TASK DESCRIPTION: Only the lines of the data below from the one with "Design de colheita" through the one with "HM童装男婴套装2件式冬季简约衬衫和领结套装1242567" are wanted. Repeat them exactly.

DATA EXTRACTS:
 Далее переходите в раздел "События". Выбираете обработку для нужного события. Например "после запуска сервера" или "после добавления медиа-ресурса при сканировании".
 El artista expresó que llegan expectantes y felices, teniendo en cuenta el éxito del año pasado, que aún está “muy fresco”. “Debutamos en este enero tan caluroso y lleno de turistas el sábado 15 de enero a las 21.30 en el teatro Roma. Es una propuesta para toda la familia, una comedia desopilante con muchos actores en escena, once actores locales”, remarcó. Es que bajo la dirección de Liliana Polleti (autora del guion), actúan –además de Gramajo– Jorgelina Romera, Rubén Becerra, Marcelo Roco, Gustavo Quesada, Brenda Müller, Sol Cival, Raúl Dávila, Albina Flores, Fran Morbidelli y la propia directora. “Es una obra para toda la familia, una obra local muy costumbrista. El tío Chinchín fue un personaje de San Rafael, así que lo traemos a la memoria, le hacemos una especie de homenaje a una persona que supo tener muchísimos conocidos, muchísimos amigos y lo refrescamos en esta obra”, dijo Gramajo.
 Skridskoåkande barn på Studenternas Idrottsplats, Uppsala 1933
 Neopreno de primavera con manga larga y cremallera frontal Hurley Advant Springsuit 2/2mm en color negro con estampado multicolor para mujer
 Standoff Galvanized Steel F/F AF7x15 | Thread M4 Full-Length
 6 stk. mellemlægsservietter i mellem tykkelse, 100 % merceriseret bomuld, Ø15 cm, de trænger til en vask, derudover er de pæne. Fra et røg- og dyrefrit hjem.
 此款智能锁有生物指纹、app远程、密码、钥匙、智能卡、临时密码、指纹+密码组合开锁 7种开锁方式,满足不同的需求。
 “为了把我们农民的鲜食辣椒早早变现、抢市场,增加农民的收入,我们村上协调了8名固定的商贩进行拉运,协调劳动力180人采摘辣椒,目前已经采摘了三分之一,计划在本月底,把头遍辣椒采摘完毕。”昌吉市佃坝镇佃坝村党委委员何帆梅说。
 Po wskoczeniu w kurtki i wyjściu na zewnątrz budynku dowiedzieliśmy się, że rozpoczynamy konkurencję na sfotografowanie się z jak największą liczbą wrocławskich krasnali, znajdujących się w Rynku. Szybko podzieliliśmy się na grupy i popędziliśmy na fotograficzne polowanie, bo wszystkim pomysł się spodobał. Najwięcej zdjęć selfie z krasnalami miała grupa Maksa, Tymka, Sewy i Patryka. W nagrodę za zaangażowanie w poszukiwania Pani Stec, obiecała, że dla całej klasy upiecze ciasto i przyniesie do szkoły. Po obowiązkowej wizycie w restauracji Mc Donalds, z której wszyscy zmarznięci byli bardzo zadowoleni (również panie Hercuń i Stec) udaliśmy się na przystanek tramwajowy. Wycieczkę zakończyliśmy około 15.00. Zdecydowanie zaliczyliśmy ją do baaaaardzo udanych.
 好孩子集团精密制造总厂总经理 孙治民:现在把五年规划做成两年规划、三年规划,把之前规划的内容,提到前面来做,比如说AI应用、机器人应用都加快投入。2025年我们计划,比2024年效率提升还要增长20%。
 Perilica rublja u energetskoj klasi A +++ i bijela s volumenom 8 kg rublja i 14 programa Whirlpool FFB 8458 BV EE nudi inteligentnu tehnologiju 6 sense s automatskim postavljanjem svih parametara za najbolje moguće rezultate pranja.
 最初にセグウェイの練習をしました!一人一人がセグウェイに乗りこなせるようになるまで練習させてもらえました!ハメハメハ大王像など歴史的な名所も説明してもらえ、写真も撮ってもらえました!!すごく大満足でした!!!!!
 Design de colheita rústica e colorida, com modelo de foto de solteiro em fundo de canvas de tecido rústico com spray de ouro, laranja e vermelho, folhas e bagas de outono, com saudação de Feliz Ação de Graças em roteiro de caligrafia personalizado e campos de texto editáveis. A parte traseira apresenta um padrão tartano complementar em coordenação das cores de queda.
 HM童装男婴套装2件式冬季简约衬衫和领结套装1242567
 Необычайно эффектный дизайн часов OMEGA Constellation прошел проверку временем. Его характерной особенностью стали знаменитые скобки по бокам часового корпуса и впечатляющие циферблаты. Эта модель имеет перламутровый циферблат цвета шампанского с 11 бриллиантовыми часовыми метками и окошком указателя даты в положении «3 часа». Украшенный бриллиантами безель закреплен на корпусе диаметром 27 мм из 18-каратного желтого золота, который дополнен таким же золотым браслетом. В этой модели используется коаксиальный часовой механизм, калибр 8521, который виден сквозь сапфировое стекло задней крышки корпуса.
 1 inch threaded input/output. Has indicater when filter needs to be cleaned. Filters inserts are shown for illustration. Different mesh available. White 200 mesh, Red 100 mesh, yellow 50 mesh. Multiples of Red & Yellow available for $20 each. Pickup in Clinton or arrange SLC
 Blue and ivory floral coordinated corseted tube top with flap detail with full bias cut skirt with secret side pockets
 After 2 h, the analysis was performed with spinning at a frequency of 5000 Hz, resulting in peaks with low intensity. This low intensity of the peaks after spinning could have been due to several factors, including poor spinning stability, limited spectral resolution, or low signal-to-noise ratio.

RESULT:
 Design de colheita rústica e colorida, com modelo de foto de solteiro em fundo de canvas de tecido rústico com spray de ouro, laranja e vermelho, folhas e bagas de outono, com saudação de Feliz Ação de Graças em roteiro de caligrafia personalizado e campos de texto editáveis. A parte traseira apresenta um padrão tartano complementar em coordenação das cores de queda.
 HM童装男婴套装2件式冬季简约衬衫和领结套装1242567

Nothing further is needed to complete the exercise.